2.5 细胞代谢产乳酸作用的变化培养1、2、3、4 d后,CAFs和NFs细胞分泌乳酸均增加。与NFs组比,CAFs组在培养的第2、3、4天细胞乳酸分泌增加,差异有统计学意义(P < 0.05, 图 2C)。
3 讨论著名的生物化学家Otto Warburg在20世纪30年代提出了经典的瓦伯格效应(Warburg effect):癌细胞即使在氧充足的情况下仍偏好于糖酵解的方式进行葡萄糖代谢,生成乳酸,而不是利用线粒体氧化磷酸化[5]。
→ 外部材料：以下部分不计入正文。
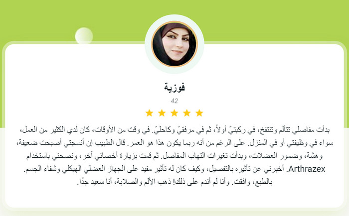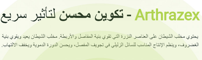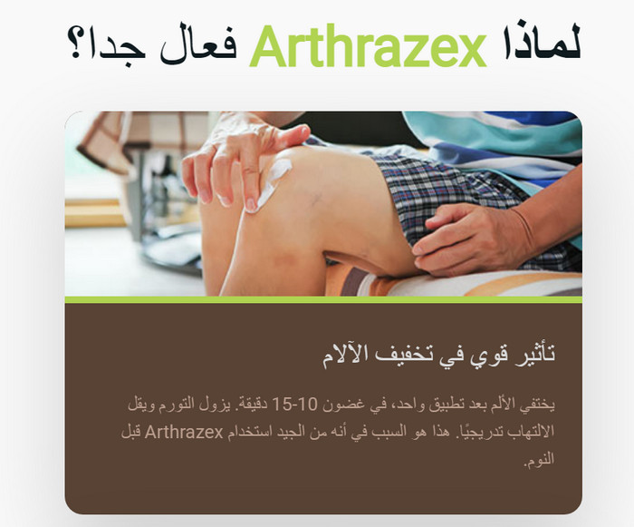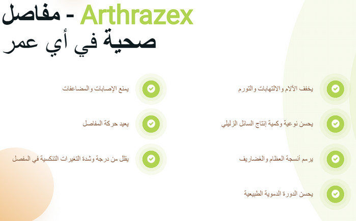 Arthrazex بالعربي يساعد جل المفاصل في علاج التهاب المفاصل ، والتهاب المفاصل ، وتنخر العظم ، وعرق النسا ، والروماتيزم ، وهشاشة العظام.
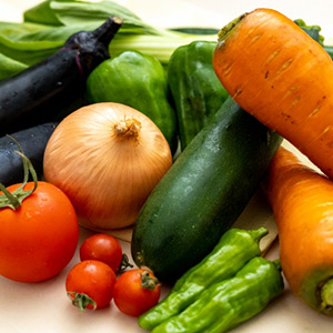 ナス・スイカ・枝豆・かぼちゃ・きゅうり・トマト・ミニトマト・ピーマン・ネギ・里芋、いんげん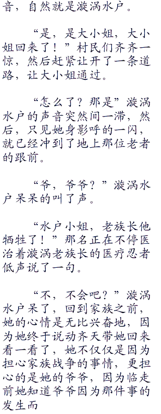 “现在各大家族爆发了战争,爷爷他们也派了忍者上了前线,我担心家族那边会有危险。”漩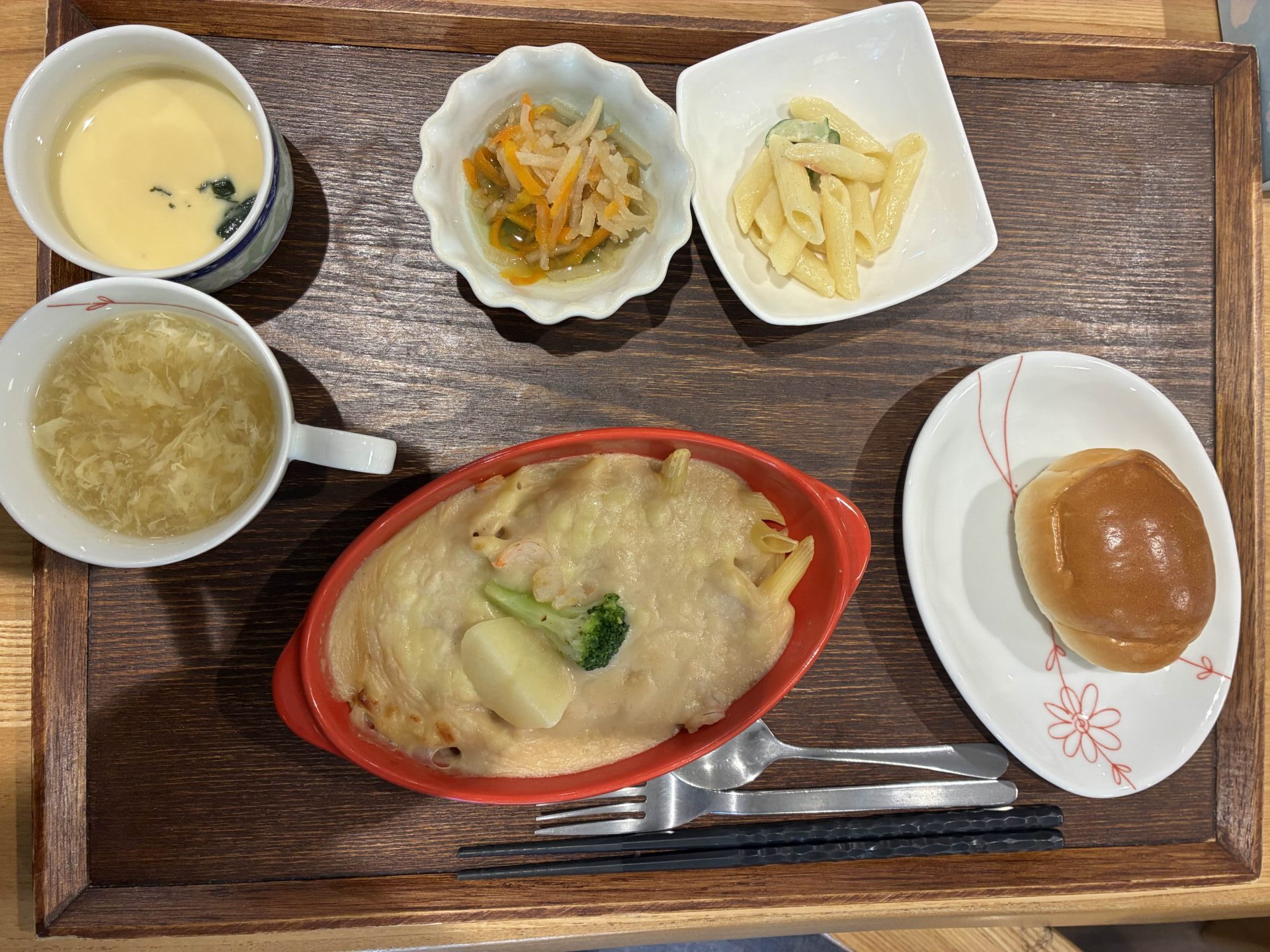 付け合わせ、パン(ごはんにも変更可能です)切干大根煮・マカロニサラダ・すまし汁です。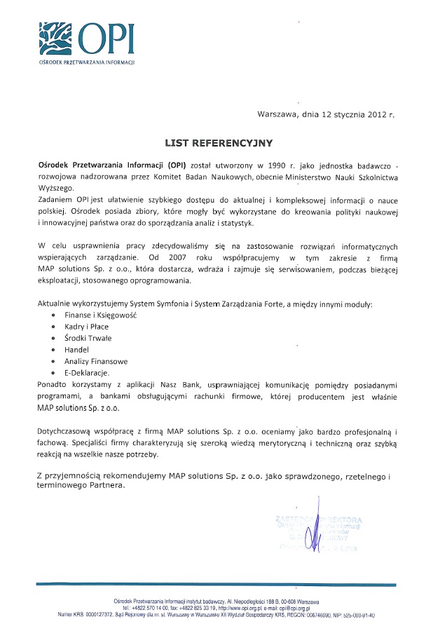 […] Specjaliści firmy charakteryzują się szeroką wiedzą merytoryczną i techniczną oraz szybką reakcją na wszelkie nasze potrzeby. Z przyjemnością rekomendujemy MAP solutions Sp. z o.o. jako sprawdzonego, rzetelnego i terminowego Partnera.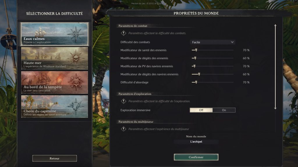 Par la suite, vous allez voir apparaître plusieurs paramètres à configurer comme la difficulté du serveur (eaux calmes, haute mer, au bord de la tempête, ou bien encore, choix du capitaine), la santé des ennemis, les dégâts des ennemis, les points de vie des navires adverses ou bien encore, la difficulté de l’abordage.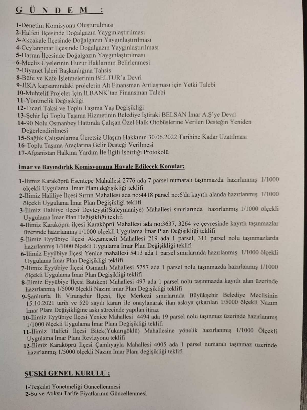 Şanlıurfa Büyükşehir Belediyesinin 2022 yılı Ocak ayı olağan toplantısının gündem maddeleri şöyle:

该假说还认为,肿瘤从某种意义上而言,是线粒体缺陷进而引起细胞代谢异常导致的。然而越来越多的证据显示,肿瘤细胞中的线粒体并没有完全丧失功能。MARIN-VALENCIA等[6]采用原发性胶质瘤原位小鼠模型研究了肿瘤细胞体内的代谢特征,发现同时存在糖酵解和线粒体呼吸增强。此外,临床上将糖酵解抑制剂用于肿瘤化疗,希望切断肿瘤细胞的能量来源,但未取得很好的效果[3, 7]。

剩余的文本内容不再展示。